01 | 1 UHI and the Impact
The Urban Heat Island (UHI) effect is a phenomenon where urban areas experience higher temperatures than their rural counterparts due to human activities and modified land surfaces (Santamouris, 2020). This is shaped by long-term planning decisions, which significantly impact the microclimatic conditions of highly urbanised cities. It is also especially significant in arid climates, where high solar radiation and minimal vegetation intensify the UHI effect. This effect leads to numerous undesirable conditions within the living environment.
01 | 2 Major Drivers
Rapid urbanization and the widespread use of materials like concrete and asphalt where the surface temperatures are 10-20°C higher than surrounding areas with vegetation contribute significantly to UHI. Limited vegetation in urban environments further exacerbates this issue, as natural cooling processes like evapotranspiration are scarce. Additionally, the dense clustering of buildings can see UHI effects increase, increasing the surface temperatures of urban elements by up to 5-7°C. (Irfeey et al., 2023) High population densities generate more heat through increased energy use and vehicular emissions as well, intensifying the UHI effect in highly urbanized microclimates.

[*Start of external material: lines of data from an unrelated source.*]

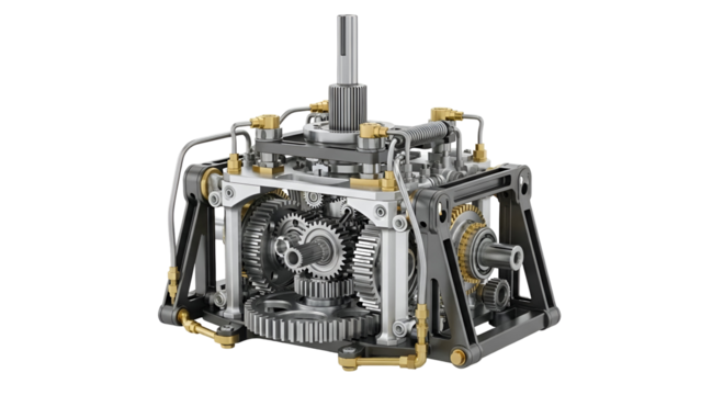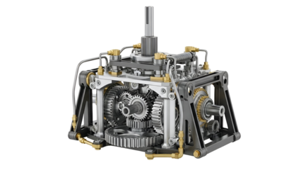 Three dark-grey gears interlocked, transparent background, symbolic of teamwork and mechanics. background removed
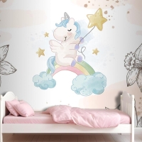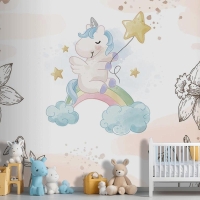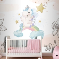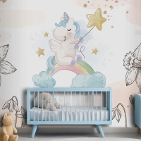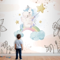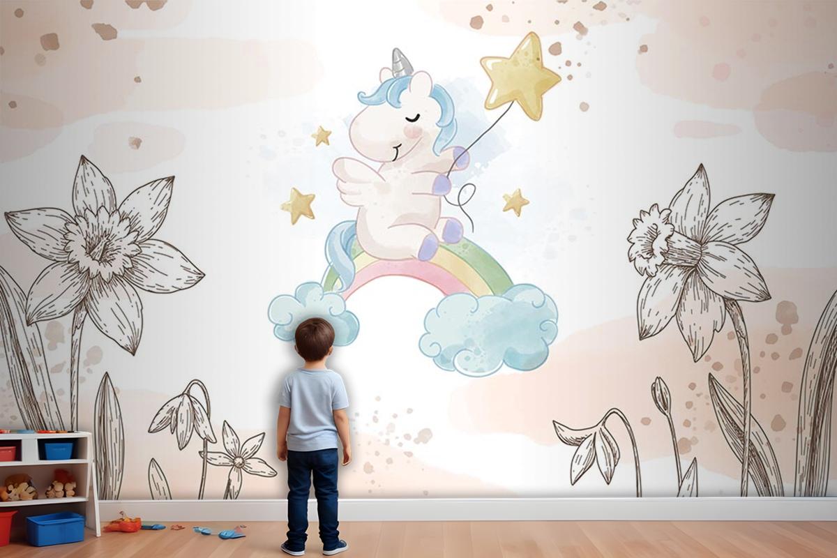 Çiçekler Arasında Unicorn Çocuk Odası Duvar Kağıdı
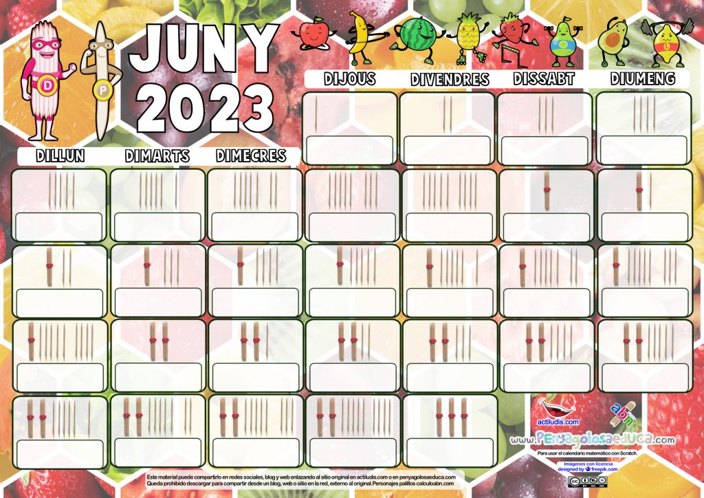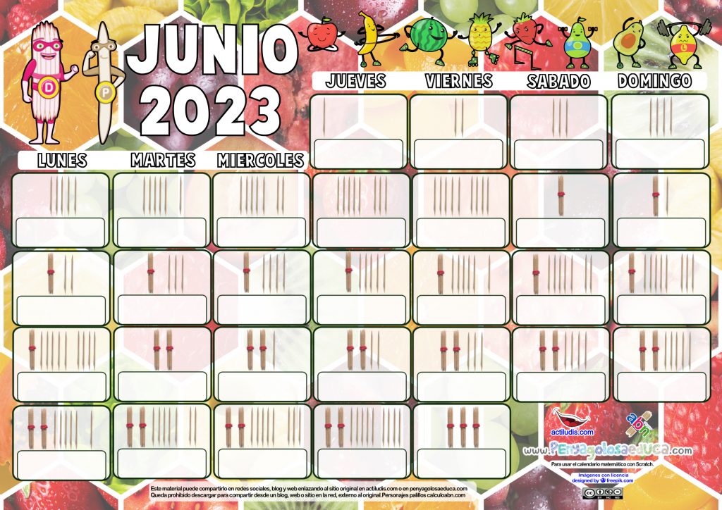 Calendario matemático de palillos para JUNIO de 2023
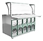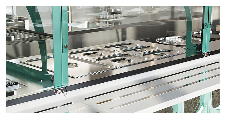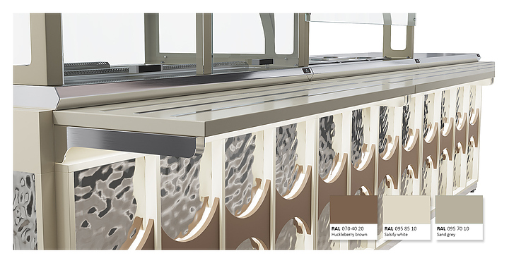Электрический мармит паровой Luxstahl МВП (С)-1500 Premium Mirror (Зеркало) с направляющей из нержавеющей стали используется в составе линии раздачи Mirror на предприятиях общественного питания и торговли для кратковременного хранения в горячем состоянии вторых блюд в гастроемкостях и раздачи их потребителям. Модель оснащена терморегулятором (три ПЭН-а) и верхней полкой из стекла 6 мм. Каркас выполнен из нержавеющей стали AISI 430 толщиной 1 мм, фасад - из окрашенного МДФ, направляющая для подносов - из профильной трубы 25х25 мм. Особенности:
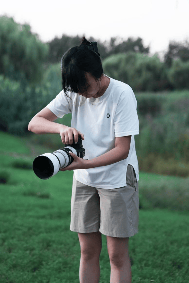 长焦带来的空间压缩,让我能够构造极简的画面。当他站在一条小径前,远处是渐远的树木与天空,人物虽小,却因背景的扁平化而格外突出。那一刻,她不再是“被拍摄的孩子”,而是自然场景中的一个沉思者。
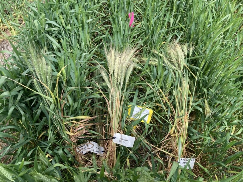 Above: Examples of the same variety sown at different times (with irrigation applied early in the season) and with different frost symptoms were provided as a comparison to the trial site plants. Mowhawk has been adopted by the host trial site farmer (and other local farmers) as a risk mitigation strategy in his ‘red zone’ paddocks.
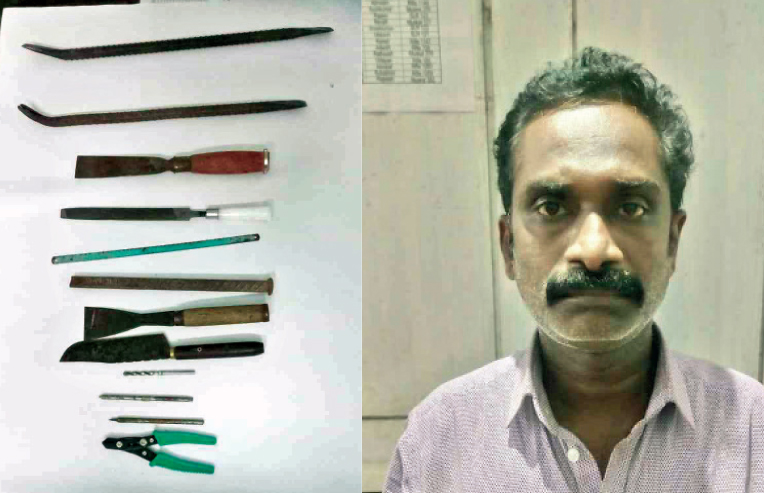 മോഷണത്തിന് ഉപയോഗിക്കുന്ന ആയുധങ്ങളും ഹാന്സ് ഉള്പ്പെടെയുള്ള ലഹരി ഉല്പന്നങ്ങളും പ്രതിയില്നിന്ന് കണ്ടെത്തി. പ്രതിയെ പട്ടാമ്പി കോടതി റിമാന്ഡ് ചെയ്തു.

01 | 3 Consequences on People and Cities
Higher urban ambient temperatures have a serious impact on citizen‘s life and the overall environmental quality of cities. Elevated temperatures increase the demand for air conditioning in arid climates, leading to higher energy consumption and costs. (Santamouris, 2020). The UHI effect poses health risks, particularly for vulnerable populations, as it can exacerbate heat-related illnesses and reduce overall thermal comfort. As much as the AEC industry is exploring solutions to mitigate UHI, the urgency in creating more liveable urban microclimates need to be severely addressed by integrating energy-efficient building materials, implementing green solutions, and using advanced environmental tools to optimize buildings and urban blocks.
# 02 STATE OF THE ART
Existing climate-sensitive facade techonologies and tools.
02 | 1 Climate-Sensitive Façades
In order to understand what kind of interventions are possible, the current existing methods and designs were evaluated. Spanning from early history with limited usage of materials and technology into more advanced intervention methods and systems.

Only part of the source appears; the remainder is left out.